Though the meander bends in the Kentucky River gorge area are considered to be mostly inherited (i.e., they were there before the river began downcutting about 1.5 million years ago), they are not static features. This continues a previous post looking at Polly’s Bend.

Geologic map of Polly’s Bend (from Kentucky Geological Survey’s Geologic Mapping Service). Ollr, Oto, Ocn are all Ordovician limestones. Qal is Quaternary alluvium, and the stippled pattern with the red + is Quaternary fluvial terrace deposits. Polly’s Bend is about 5 km in maximum width.

The bedrock into which the Kentucky River is cut is overwhelmingly limestone and dolomite—certainly it does not contain any quartzites or sandstones. However, the upper portions of the Kentucky River watershed does contain those rock types. Therefore rounded pebbles of quartzite and sandstone cannot be derived from the local or underlying rock; they can only have been transported by water from elsewhere. The presence of such rounded gravels is what was used to map the Quaternary high fluvial terrace deposits (high relative to the modern river) such as the one shown in the figure above.

However, these exotic, fluvially-transported gravels well above the modern river level are a lot more common than the geologic maps suggest. The photo below shows such gravels about 70 m above the river in the downstream (NW) corner of Polly’s Bend, where no fluvial terrace deposits are mapped. Throughout this area you do not have to look very hard to find them, either.

Rounded sandstone & quartzite gravels on upper slopes near the northwest corner of Polly’s Bend.

I also noticed a lot of sand in the soils. You don’t get sand from limestone or any of the local rocks; that also has to have been transported in.
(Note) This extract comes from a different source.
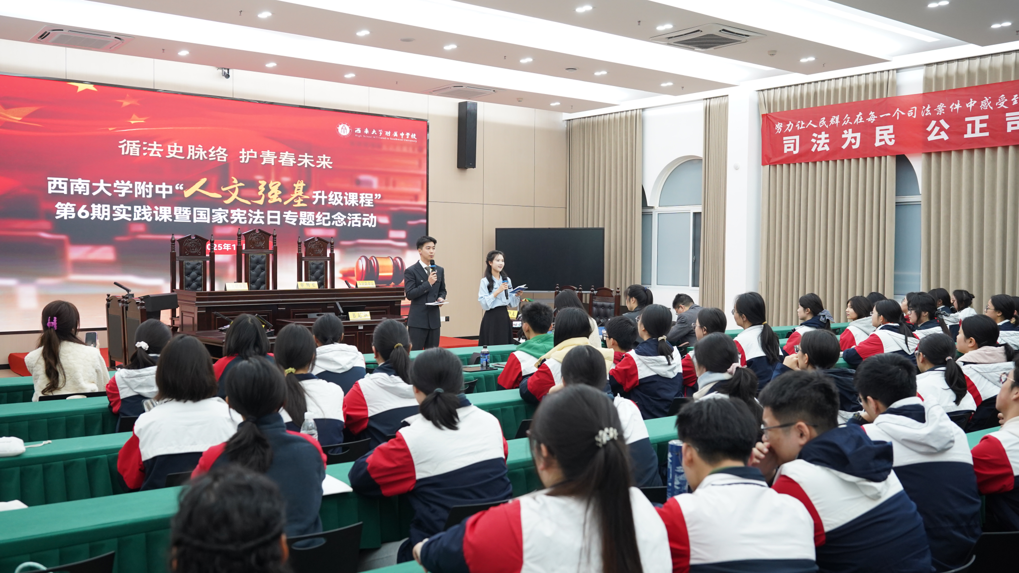 为弘扬宪法精神,维护宪法权威,助力和谐校园建设,12月4日,伟德国际1946、伟德BV1946官网附属中学在伟德BV1946官网附中本部积健楼联合开展以“校园霸凌”为主题的体验式法庭活动。活动由公司实践教学中心与伟德BV1946官网附中课程创新中心承办,由孙悦老师担任评委,来自附属中学的百余名师生参与此次活动。

That sent me to looking at the soil maps for the area (through the USDA’s Web Soil Survey). Sure enough, many of the soils on the uplands within Polly’s Bend are part of map units that include the Chenault series. This soil type is described as forming on old alluvium deposited on soils derived from weathering of underlying limestone. What I observed is sandier than you’d expect in the Chenault, but entirely consistent with the concept of a soil derived from alluvial sediments over limestone. The soil mappers most likely used the rounded gravels as an indicator.

Soil map of Polly’s Bend. All the map unit symbols beginning with “C” are dominated by the Chenault series. Hu, ErB, AsB, and No symbols indicate younger alluvial terrace and floodplain soils.

Taking into account the old alluvium represented by rounded gravels and the Chenault soils, the slip-off slope topography (see the previous post) and the location of the more modern alluvial and terrace soils, one can estimate the former channel position pre-incision:

Thick blue line shows estimated pre-incision Kentucky River channel.

The former and current channel positions indicate that some portions of the channel have migrated laterally by as much as 1.5 to 2 km! This seems like a lot for a bedrock channel, but only requires a mean rate of roughly a centimeter a year, so it is entirely plausible. But what caused a fairly typical bend for this stretch of river (in terms of its geometry) to develop into an increasingly tight, complex, gooseneck meander? Geomorphic processes rarely operate at a steady rate, either. Most likely the migration has occurred in fits and starts, with a few episodes of relatively rapid movement separated by periods of little or no migration. What kind of events might these have been, and what triggered them? And what do all those dolines (sinkholes) tell us?

Surface relief of NW Polly’s Bend—note the small depressions, which are karst sinkholes (dolines; indicated by diamond symbols on the soil maps).

I’ll explore these later on, as time allows. Could be a few days or a few months, depending on whatever else comes up to suck up my time or sidetrack my easily-distracted attention.